- **Data extract**:
• • •

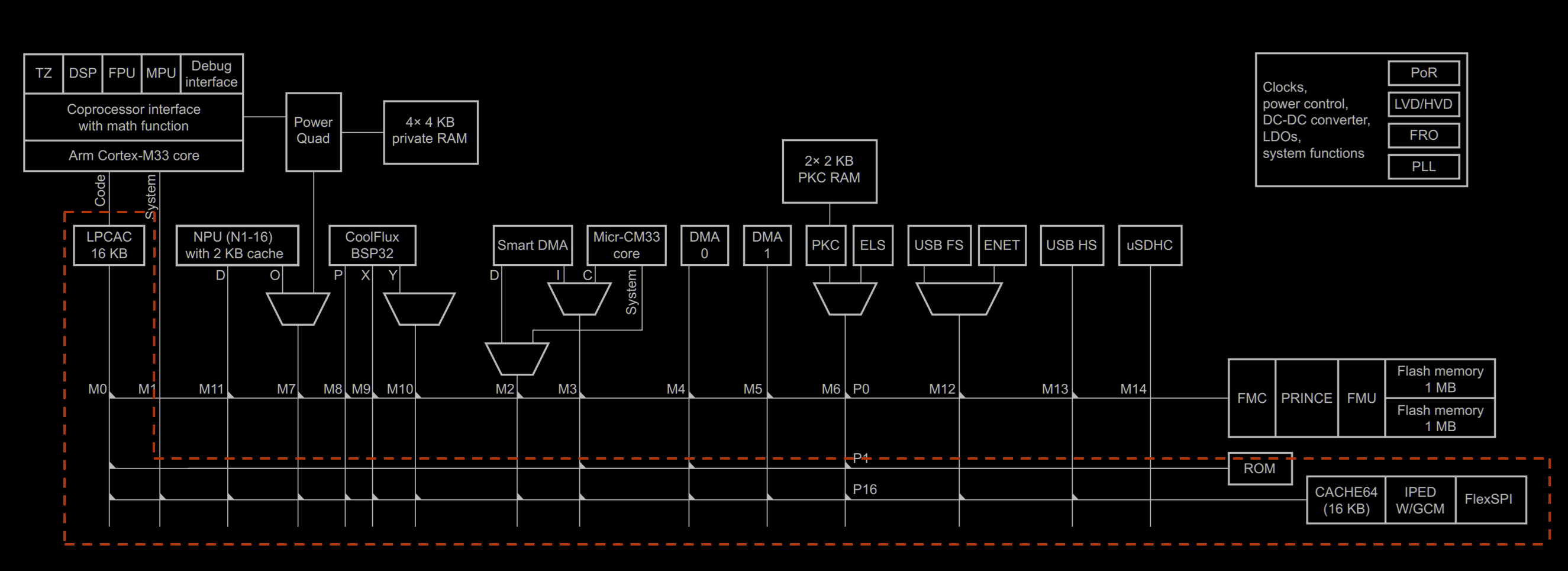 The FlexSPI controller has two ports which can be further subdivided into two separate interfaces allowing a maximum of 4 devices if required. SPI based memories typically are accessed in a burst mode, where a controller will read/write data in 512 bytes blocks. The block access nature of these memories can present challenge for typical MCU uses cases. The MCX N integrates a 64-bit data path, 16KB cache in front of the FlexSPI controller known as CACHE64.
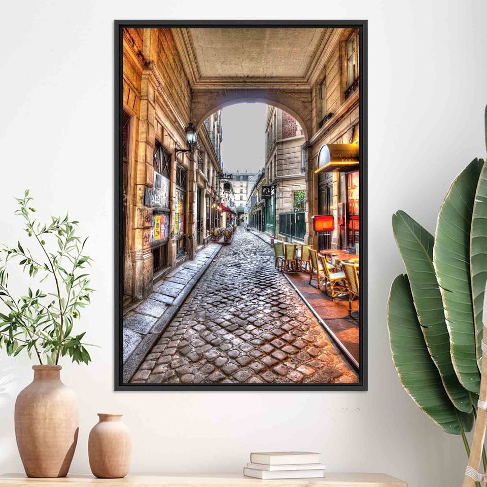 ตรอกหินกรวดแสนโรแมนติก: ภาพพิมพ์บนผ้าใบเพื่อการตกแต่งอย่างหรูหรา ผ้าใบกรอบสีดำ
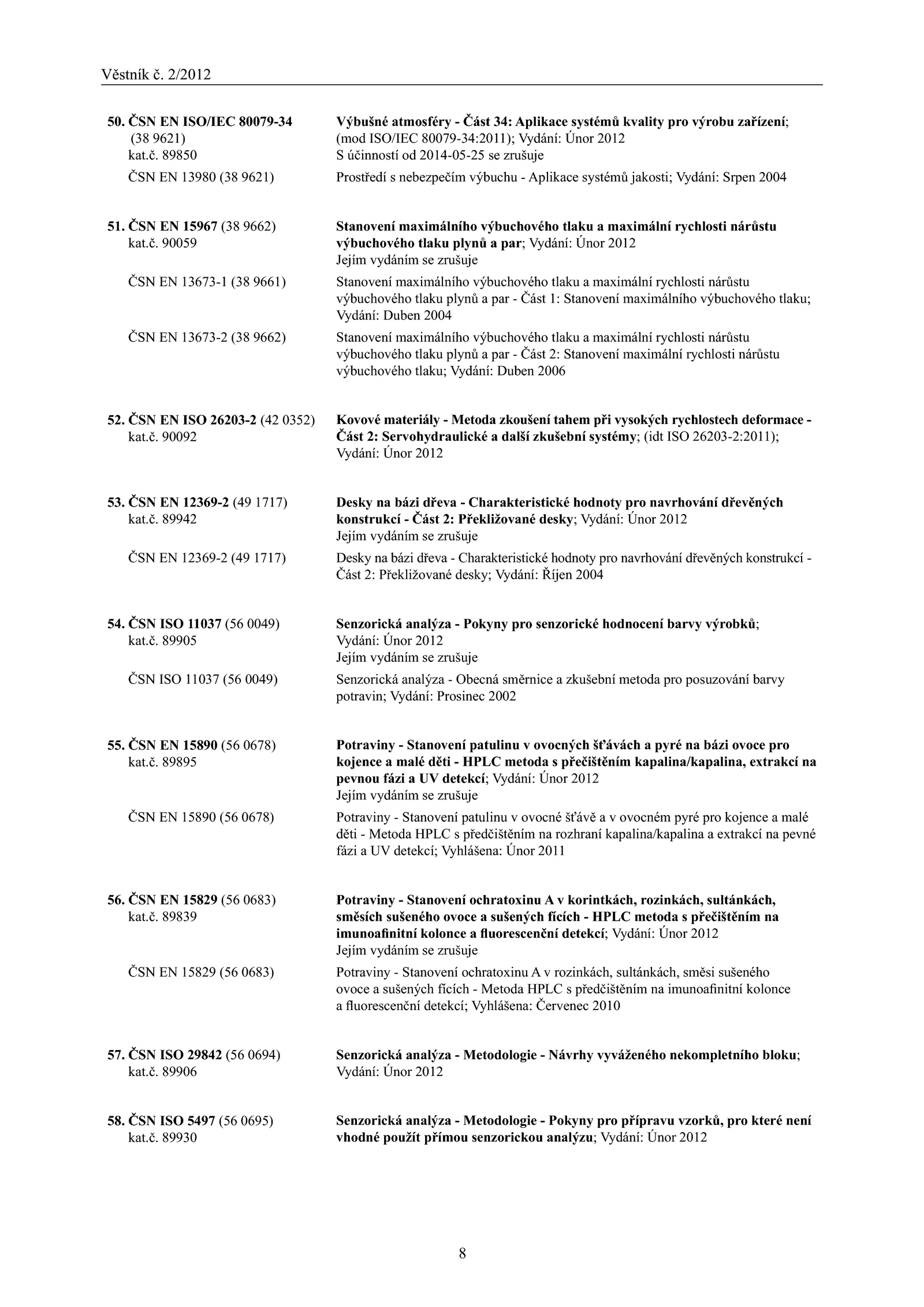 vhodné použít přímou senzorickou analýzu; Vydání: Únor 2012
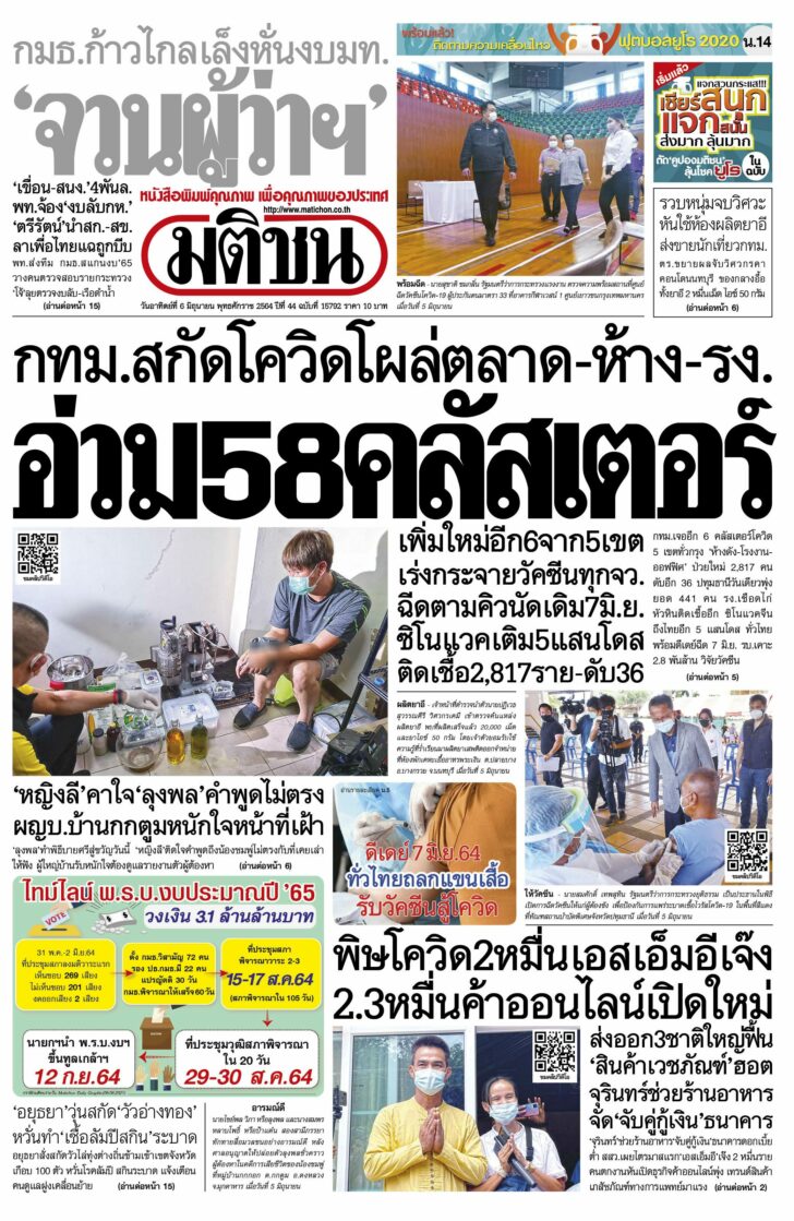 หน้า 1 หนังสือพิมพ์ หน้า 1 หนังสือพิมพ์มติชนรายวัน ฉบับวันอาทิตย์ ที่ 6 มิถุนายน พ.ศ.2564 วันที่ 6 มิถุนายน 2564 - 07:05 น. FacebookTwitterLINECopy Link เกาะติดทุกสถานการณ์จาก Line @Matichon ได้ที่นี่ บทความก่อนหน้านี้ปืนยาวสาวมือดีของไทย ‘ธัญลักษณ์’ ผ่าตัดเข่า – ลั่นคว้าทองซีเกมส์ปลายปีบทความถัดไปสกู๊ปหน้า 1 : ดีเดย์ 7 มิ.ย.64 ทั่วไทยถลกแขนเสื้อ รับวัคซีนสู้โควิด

• • •

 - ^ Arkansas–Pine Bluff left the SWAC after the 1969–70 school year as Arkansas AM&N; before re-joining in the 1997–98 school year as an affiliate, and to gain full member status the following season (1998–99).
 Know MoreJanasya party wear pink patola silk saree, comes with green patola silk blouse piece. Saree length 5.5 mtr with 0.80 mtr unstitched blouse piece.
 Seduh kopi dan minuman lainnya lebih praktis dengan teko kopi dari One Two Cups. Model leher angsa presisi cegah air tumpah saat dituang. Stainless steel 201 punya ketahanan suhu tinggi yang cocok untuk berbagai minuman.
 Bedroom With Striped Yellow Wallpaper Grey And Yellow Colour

• • •

- **Exercise brief**: Please give an exact copy of the entries above, from the line with "Know MoreJanasya party" down to the line with "Bedroom With Striped", inclusive, and nothing else.

- **Worked solution**:
 Know MoreJanasya party wear pink patola silk saree, comes with green patola silk blouse piece. Saree length 5.5 mtr with 0.80 mtr unstitched blouse piece.
 Seduh kopi dan minuman lainnya lebih praktis dengan teko kopi dari One Two Cups. Model leher angsa presisi cegah air tumpah saat dituang. Stainless steel 201 punya ketahanan suhu tinggi yang cocok untuk berbagai minuman.
 Bedroom With Striped Yellow Wallpaper Grey And Yellow Colour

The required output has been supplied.